The records that follow must be reproduced in full, with every picture excluded.

● **THE DATA**
■ ■ ■ ■ ■

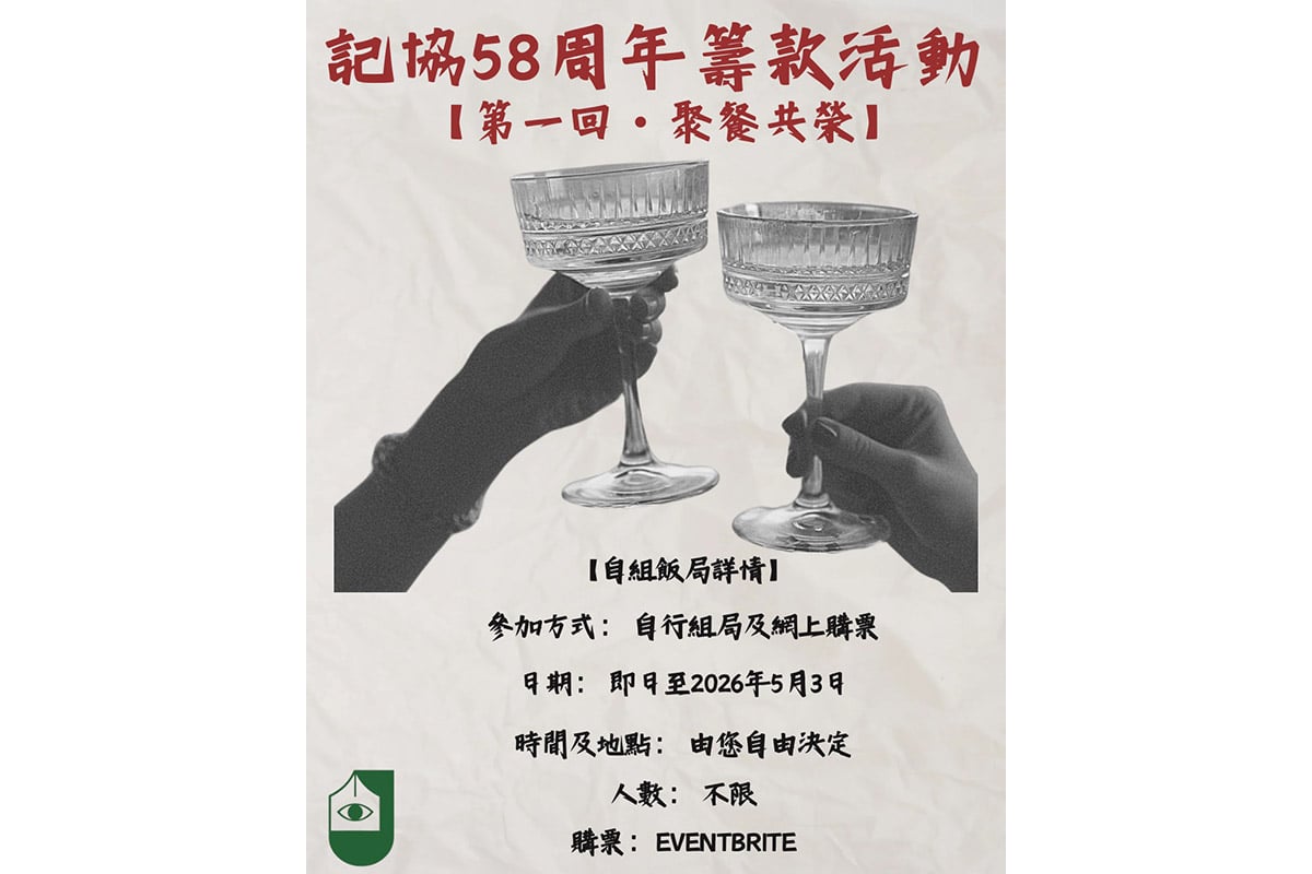 記協表示,飯局籌款收益將全數用於支持記協日常運作、維護新聞自由及記者權益工作。
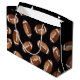 Grande saco lustroso do presente com uma imagem dos futebóis no preto. See que combina o saco médio do presente. Veja a coleção inteira do saco do presente do dia dos pais na seção ESPECIAL dos favoritos para festas dos TOQUES |.
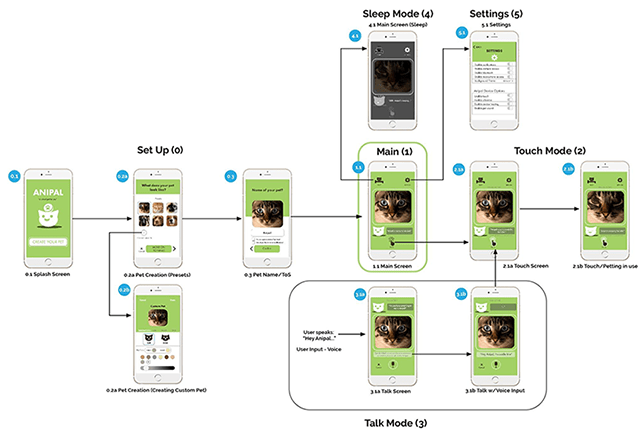 As a team, we wanted to make the user’s voice integral to the Anipal experience. Based on my robot pet experience, communicating with one’s pet can create a deeper connection and experience.
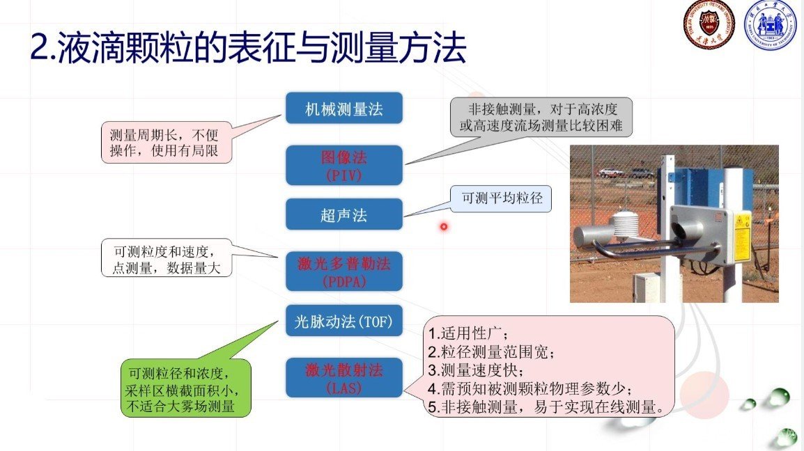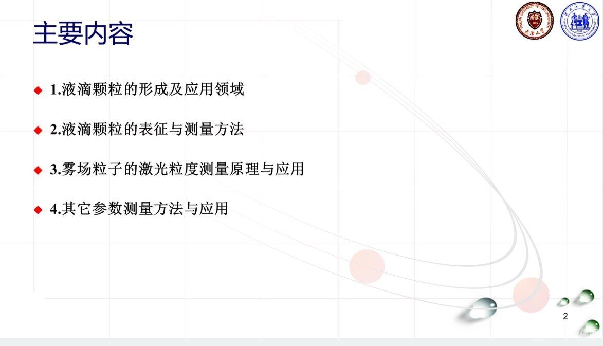 本次報告魏永杰教授主要從液滴顆粒的形成及應(yīng)用領(lǐng)域、液滴顆粒的表征和測試方法、霧場粒子的激光粒度測量原理與應(yīng)用、其他參數(shù)測量方法與應(yīng)用四個方面展開。
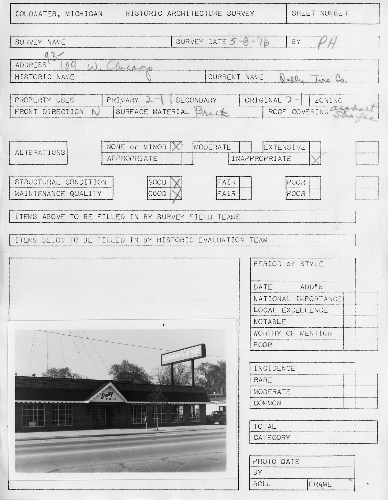 Architectural survey of Dally Tire Co. at 93-109 W. Chicago in Coldwater, Michigan conducted on May 8, 1976.
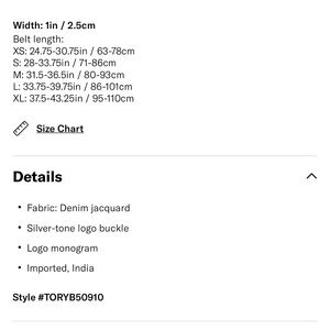 Tory Burch 1” Miller Denim Belt In Powder Blue

■ ■ ■ ■ ■

● **PROBLEM SOLUTION**
 記協表示,飯局籌款收益將全數用於支持記協日常運作、維護新聞自由及記者權益工作。
 Grande saco lustroso do presente com uma imagem dos futebóis no preto. See que combina o saco médio do presente. Veja a coleção inteira do saco do presente do dia dos pais na seção ESPECIAL dos favoritos para festas dos TOQUES |.
 As a team, we wanted to make the user’s voice integral to the Anipal experience. Based on my robot pet experience, communicating with one’s pet can create a deeper connection and experience.
 本次報告魏永杰教授主要從液滴顆粒的形成及應(yīng)用領(lǐng)域、液滴顆粒的表征和測試方法、霧場粒子的激光粒度測量原理與應(yīng)用、其他參數(shù)測量方法與應(yīng)用四個方面展開。
 Architectural survey of Dally Tire Co. at 93-109 W. Chicago in Coldwater, Michigan conducted on May 8, 1976.
 Tory Burch 1” Miller Denim Belt In Powder Blue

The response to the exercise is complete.